Still of Blake Manley taken from his Manley Jobs YouTube channel, episode 9 entitled ‘Knife River: Ready Mix Concrete.’

Manley Jobs: Logging: Ground Based Operation: EP4

Provided photo

Blake Manley, Sweet Home High School instructor, right, discusses “Manley Jobs” with “Fox & Friends” co-host Ainsley Earhardt. “It was a lot of fun and really different,” he said of the experience.

It appears that “Manley Jobs,” the YouTube series launched a year ago by Sweet Home High School forestry and natural resources teacher Blake Manley and editor Ramil Malabago, has, as they say, gone viral.


The videos had already garnered quite a bit of attention in the last few months, as its main channel’s nearly 4,000 subscribers and log-truck-driving episode’s 370,000-plus collective views can attest.


But they received considerably more exposure last week when Manley made two TV appearances highlighting the series, which educates students on career paths that don’t require a college education.


First, on Monday, Sept. 13, “Manley Jobs” was showcased on Eugene’s KEZI-TV, and the station’s website ran a short piece, “Sweet Home Teacher Hosts Web Series to Promote Skilled Jobs.” (Both elements are viewable here: bit.ly/3hIAfTK.)


The spotlight shone even brighter three mornings later, on Thursday, Sept. 16, when the Fox News program “Fox & Friends” ran a nearly five-minute segment that brought awareness of the series to a national audience. (See that feature here: bit.ly/3tZCxTd.)


The spot featured a few minor blunders. Interviewer and co-host Ainsley Earhardt at one point introduced Manley as an elementary school teacher.

Later, she placed Sweet Home High School in Portland. Still, Manley said, the interview overall was “really good.”

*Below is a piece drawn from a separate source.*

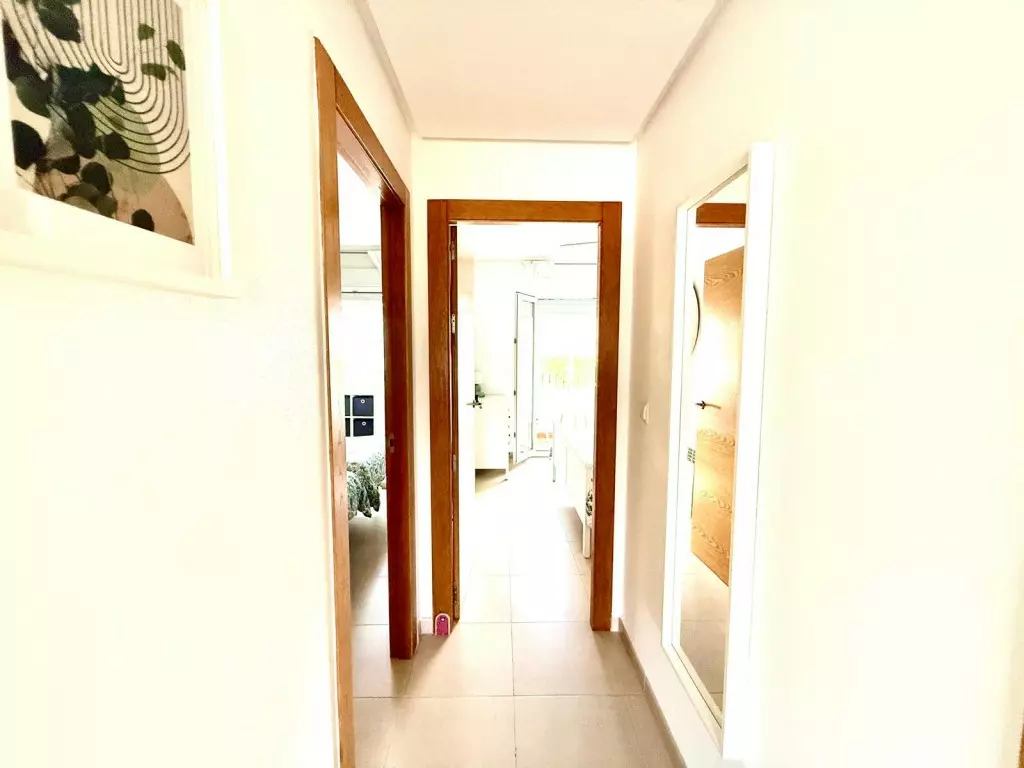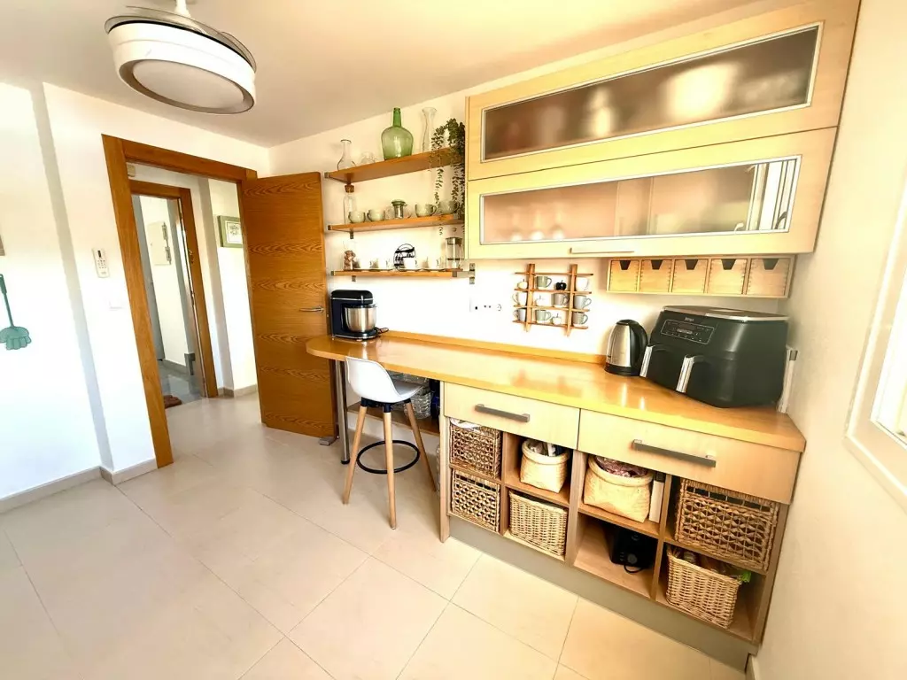 Upon entering the apartment, the design draws immediate attention. The large, fully fitted kitchen includes a window with a Roman blind that overlooks the communal pool. Upgrades in the kitchen include extra storage, gas boiler, and white goods. It also features a ceiling fan light, making it ready for immediate use.

“We watched it yesterday in class. The students chuckled at some of the errors. Some of them said they would have corrected [Earhardt]. I was like, ‘Nah, you wouldn’t have,'” he said with a laugh.

“It was a lot of fun and really different,” Manley said of the interview. “I’m not used to doing live TV. You don’t see the person that you’re talking to. You just hear their voice and you’re staring at a camera. It’s tough that way.”


Fox News had sent a car for Manley, who went up to Portland for the interview at 2:30 a.m.


“We went to one of the buildings downtown where someone has a little studio set up in a business apartment,” he recalled. “You walk in, and they hook you up with a mic.”


Introducing “Manley Jobs” on the broadcast, Earhardt said, “A generation of American men have reportedly given up on higher learning,” citing a Sept. 6 Wall Street Journal article (“A Generation of American Men Give Up College”) that claimed “U.S. colleges and universities had 1.5 million fewer students compared with five years ago.”


“In my generation, it was ‘Go to college or you’re not going to get a good job,'” Manley said in the Fox interview.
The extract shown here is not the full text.